O temporal registrado em Piracicaba no dia 22 de setembro de 2025 ocorreu por volta das 16h21 UTC (13h21 local) e atingiu todo o município. O evento foi marcado por uma onda de downbursts associada à formação de duas supercélulas com topos de até 15 km de altitude, inseridas em um Sistema Convectivo Quase-Linear (QLCS).
Os ventos chegaram a 95,04 km/h na estação do INMET localizada no bairro Agronomia e foram estimados em até 111,2 km/h no bairro Jupiá, a partir de simulação numérica.
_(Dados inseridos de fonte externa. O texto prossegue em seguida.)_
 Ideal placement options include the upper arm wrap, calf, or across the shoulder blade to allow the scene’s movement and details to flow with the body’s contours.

O INMET também registrou precipitação de 10,2 mm e taxa de precipitação superior a 120 mm/h. Foi a segunda tempestade mais intensa de 2025 em termos de velocidade dos ventos, atrás de 10 de outubro de 2025 (150 km/h), e a quarta mais severa da década de 2020, atrás de 28 de dezembro de 2024 (~120 km/h), 27 de setembro de 2023 (132,5±2,5 km/h) e 10 de outubro de 2025.
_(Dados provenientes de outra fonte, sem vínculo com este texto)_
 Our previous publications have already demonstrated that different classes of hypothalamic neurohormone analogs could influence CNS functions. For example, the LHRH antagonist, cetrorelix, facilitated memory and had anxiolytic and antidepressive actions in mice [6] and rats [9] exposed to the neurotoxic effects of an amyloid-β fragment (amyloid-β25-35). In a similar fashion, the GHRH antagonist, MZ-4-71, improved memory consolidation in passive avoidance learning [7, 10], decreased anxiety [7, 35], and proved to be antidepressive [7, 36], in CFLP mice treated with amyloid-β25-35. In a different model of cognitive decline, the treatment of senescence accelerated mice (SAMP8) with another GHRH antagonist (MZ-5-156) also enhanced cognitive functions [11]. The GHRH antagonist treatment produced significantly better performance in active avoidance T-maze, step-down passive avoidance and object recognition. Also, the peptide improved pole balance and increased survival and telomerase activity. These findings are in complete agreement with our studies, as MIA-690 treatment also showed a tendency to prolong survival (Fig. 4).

O evento apresentou temporariamente a ocorrência do maior mesociclone já documentado em Piracicaba, com 4 km de diâmetro, que passou sobre municípios ao sul e foi avistado a partir da cidade, até ser superado por um registro de 10 km em 7 de dezembro de 2025, embebido em uma supercélula HP que gerou um tornado em Rio das Pedras.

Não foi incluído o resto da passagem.